Segev overwhelmed us with abrupt transitions between scenes. From embodying her great-great-…-great grandmother, who passes down the gift of transsexualism, to parodying the heterosexual fantasy in the movie Notting Hill, from hosting the fictional TV show Good Morning AmeriCunt to re-enacting some of her personal anecdotes in the Israeli army, the performer seamlessly morphed from one character to another to deliver divergent and contradictory content. One moment Segev wore sexually suggestive clothes yelling “You have a cunt! You have a cunt! You have a cunt,” alluding to Oprah Winfrey; the next she was in a white wedding dress, walking very slowly off-stage with one of the assistants’ half-naked body draped over her shoulder. It was impossible to feel either settled within a certain scene or to anticipate what would follow. As an audience member, I was kept alert at all times, for the narrative constantly undermined itself before a sense of familiarity and routine could set in.
Even though Segev’s ability to switch effortlessly demonstrated a virtuosic command over the fragmented stories as well as her own body, the performer’s chameleon-like transformations were extremely ominous. Many times as she was still speaking and trying to finish one scene, two assistants appeared out of nowhere and changed her costumes in an efficient task-like manner that felt mechanical and somewhat aggressive. Segev’s body felt seized, not only by the assistants but also by the several cameras discreetly preset in the performance space, incessantly feeding her image to the larger-than-life projection in the background.
As much as her movement was subjected to intense scrutiny and surveillance, Segev also used this hypervisibility to her full advantage. By mobilizing the multiple cameras at a dizzying pace, she constantly surprised the audience members with different perspectives and disoriented them with different forms of address in the narrative, further contributing to the piece’s feeling of fragmentation and overwhelming. There was an uncanny ambiguity between the forceful manipulation of her body and Segev’s skillful manipulation of the manipulation. Here, the hypervisibility of her trans-feminine body was both an externally imposed condition and a source of raw material for potential experimentation. Either way, her body was never at rest, caught within an endless confrontation with the origin stories of both Zionism and the gender binary, generating more knots than resolution.

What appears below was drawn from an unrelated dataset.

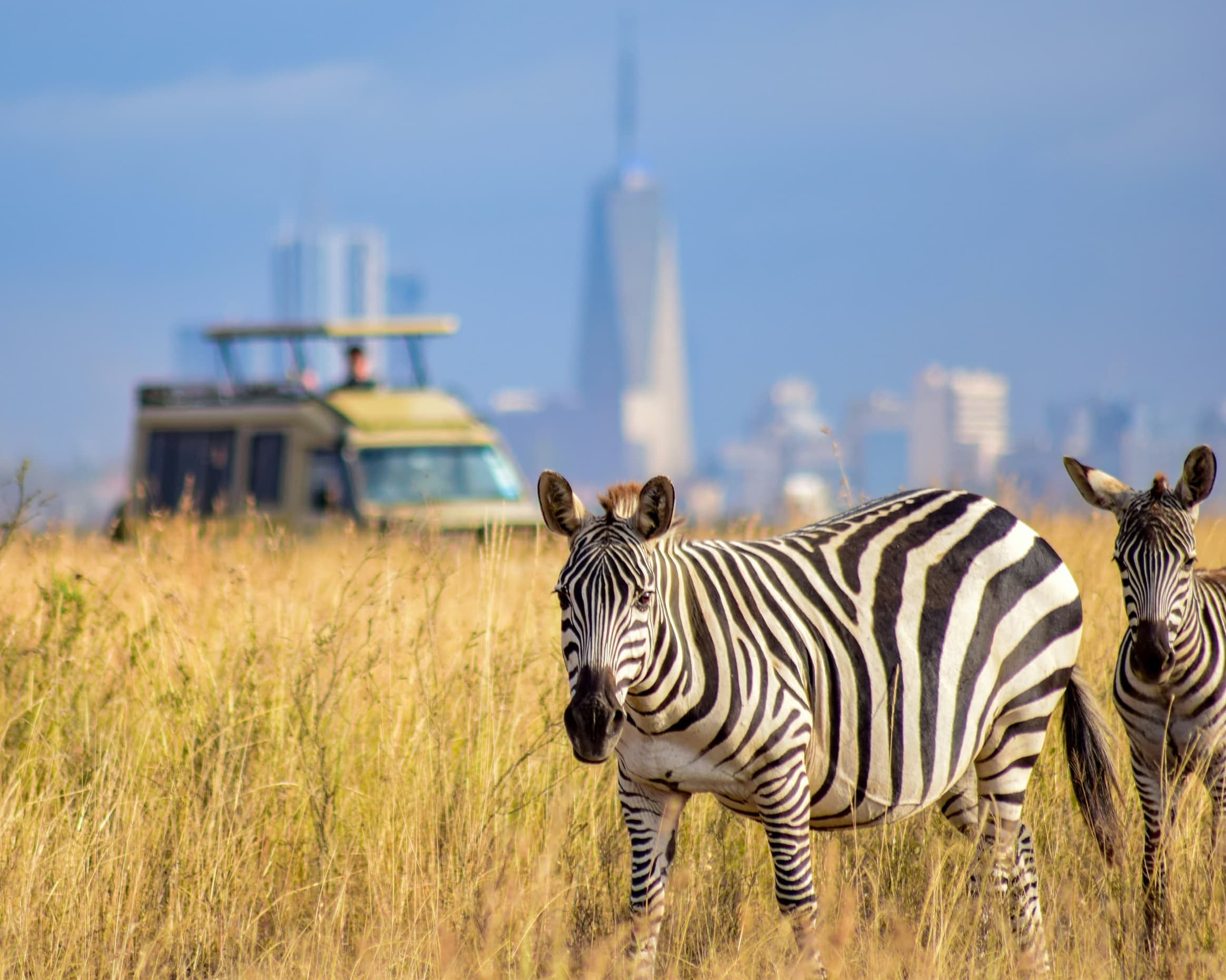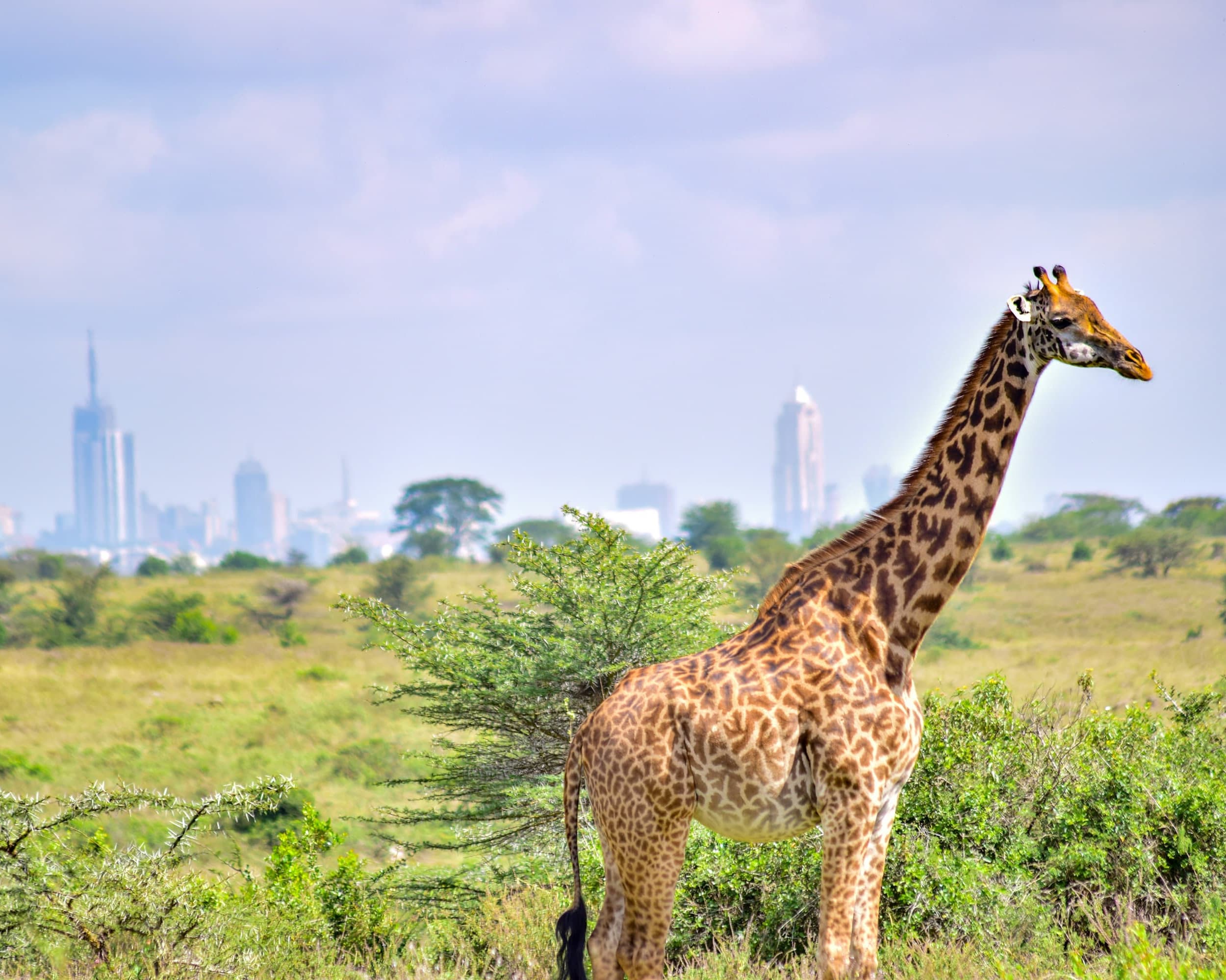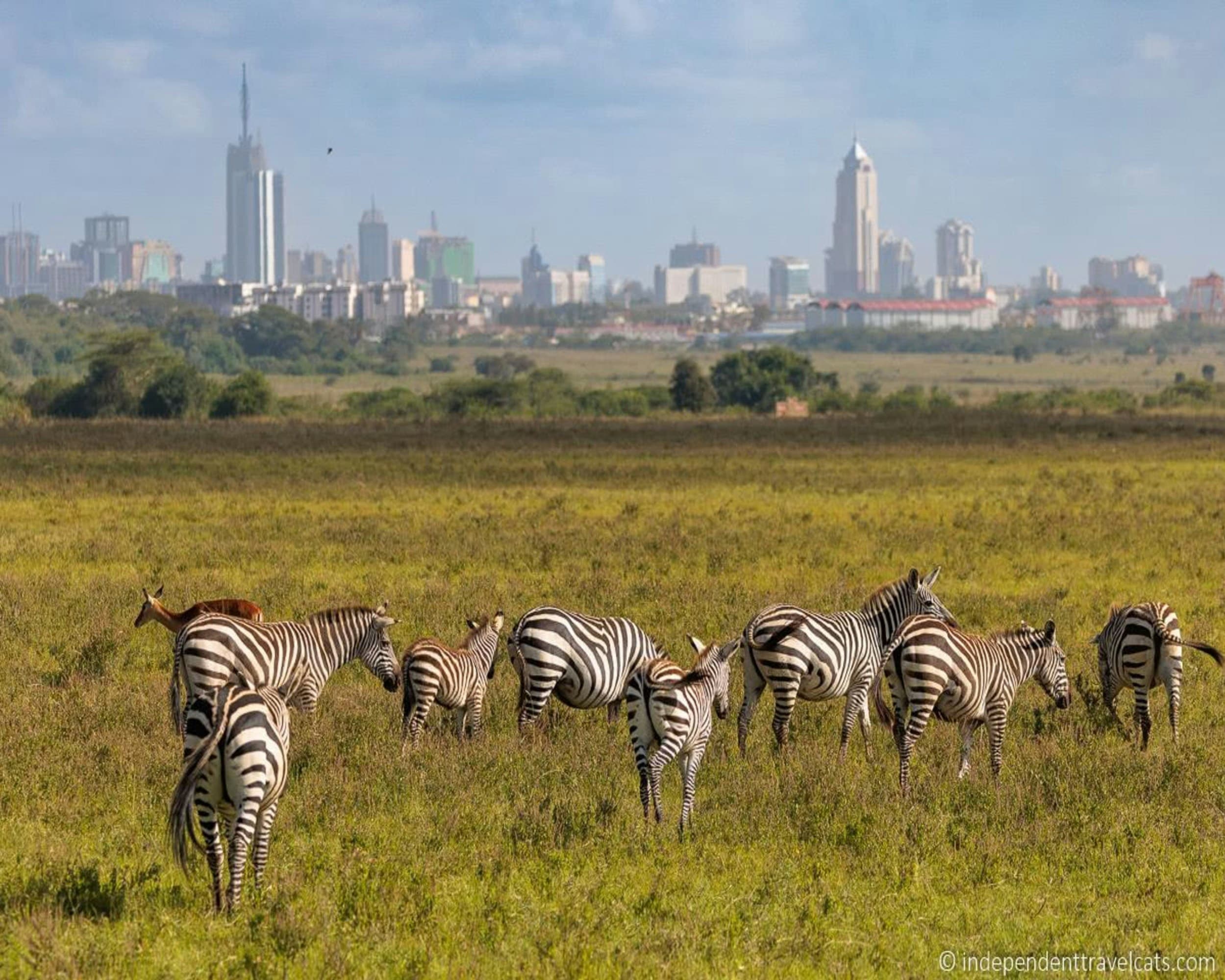 Nur eine kurze Fahrt vom zentralen Geschäftsviertel Nairobis entfernt liegt der Nairobi-Nationalpark. Offene Grasflächen, die von der Stadtsilhouette im Hintergrund und verstreut stehenden Akazienbüschen geprägt sind, bieten Lebensraum für eine große Vielfalt an Wildtieren, darunter das gefährdete Spitzmaulnashorn, Löwen, Leoparden, Geparden, Hyänen, Büffel, Giraffen sowie eine vielfältige Vogelwelt mit über 400 registrierten Arten.

Perhaps, it was this tirelessness that made “Knot In My Name” feel more populated than a solo. The piece never felt confined within the realm of the individual — even Segev’s extremely personal stories had such a sense of expansiveness that they always gestured toward larger collective histories. The personal was political, yes, and it was also funny, sexy, captivating, depressing, traumatic, and hopeful. It is easy for the writing to give too much weight to the content, while in performance it was really the affect that fueled the urgency of the work. I walked out of the theater overwhelmed and disoriented, unsure how to put into words my visceral experience of Segev’s trans-feminine and anti-Zionist narrative, but certain that something in me had been transformed.